Both Higbee clients had to agree to drop their demands, and one of the clients had to pay $10,000 in attorney fees. In light of these cases, as well as the retraction of a Higbee firm demand letter to Erik Anderson in response to a declaratory judgment action on behalf of photographers Mark Seliger and Steven Hirsch, Mathew Higbee assured me that his firm had stopped issuing demand letters to forum hosts over photographs posted by their users.

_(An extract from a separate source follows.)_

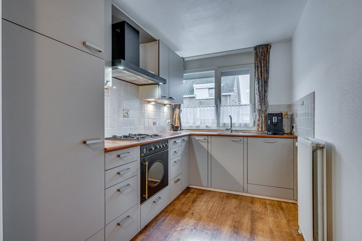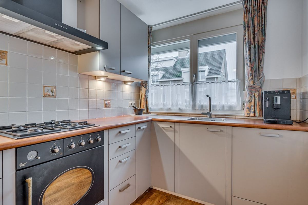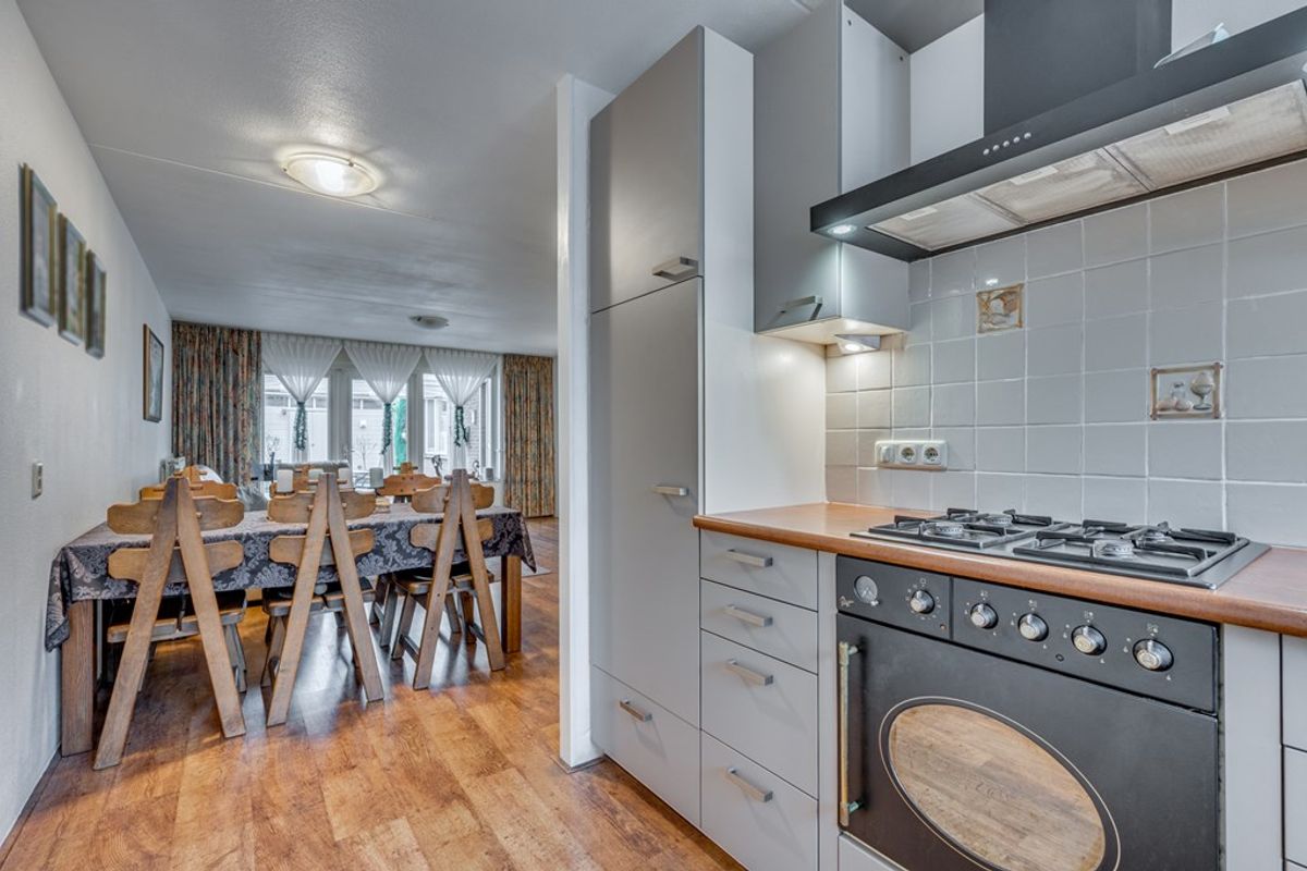 - Keuken, aan voorzijde gesitueerd, met hoek opgestelde inrichting voorzien van gasfornuis, afzuigkap, oven, koelkast en vaatwasser,

But the Higbee firm has returned to its old tricks (and why so greedy? from the frequent queries I receive, its legitimate business has scarcely dried up). In the past month, I have heard both from counsel for Jessamyn West and from counsel for Mockingbird Foundation about demand letters that their clients received, demanding $7000 in damages for copyright infringement based on a Timothy White photograph posted by a user to MLTSHP, and demanding $25000 in damages based on the fact that there is a deeplink to a Jeffrey Werner photograph posted to a user comment on Phish.net. But these threats are double frivolous, because not only does the Higbee firm know that infringement liability would barred by the volition doctrine, but both sites fixed their DMCA agent registrations before the previous litigation began, and hence neither could be sued for damages anyway because the DMCA makes them immune so long as they respond promptly to properly submitted DMCA takedown notices (and lest one think the Higbee firm is unaware of the DMCA agents — Mockingbird ALSO received a Higbee firm DMCA takedown letter for that same photograph).

But it gets worse. One of the dirty tricks pulled by the Higbee firm in the course of its initial demands to Mockingbird was that, even after Mockingbird’s regular counsel responded to the demands, identifying himself as counsel, the Higbee firm persisted in sending its cascading threats of damages liability directly to Ellis Godard, Mockingbird’s executive director, including threatening Godard with personal liability. It is, of course, unethical for a lawyer to communicate directly to a client who is represented by counsel. I have always suspected that the reason why Higbee client Luong agreed to pay $10,000 to settle our fees claim while Higbee clients Seliger and Hirsch decided to fight – and they both had the same reasonable and ultimately successful argument against our application – is that the Higbee firm wanted to avoid having their nose rubbed in their unethical conduct (which, of course, would have been a factor in the reasonableness analysis)

The Higbee firm knows perfectly well that MLTSHP and Mockingbird have counsel. In the leadup to the previous litigation, Higbee firm naggers (“compliance resolution specialists”) and Higbee firm attorneys corresponded with MLTSHP attorney Dan Booth and with Mockingbird general counsel Steve Paolini, and of course the Higbee firm litigated cases involving both alleged infringers. Over the years, I have heard from other lawyers who have dealt with demands from the Higbee firm about similar misconduct in their situations, where the Higbee firm went behind the backs of lawyers directly to their clients.

In nearly 45 years of practice, I have never filed a bar complaint about a litigation adversary, and I actively discourage my clients from doing so. But the Higbee firm may deserve an exception to this rule.

0 thoughts on “More baseless and unethical demand letters from Mathew Higbee

  1. Jessamyn West says:

    Oh hey interesting to see this today as I JUST got an email from Higbee saying “our client has authorized us to close the matter” in the most recent shakedown. Maybe the letter I sent them referring them to the last time we encountered them in court had something to do with their more reasonable response this time. Thanks for all you do.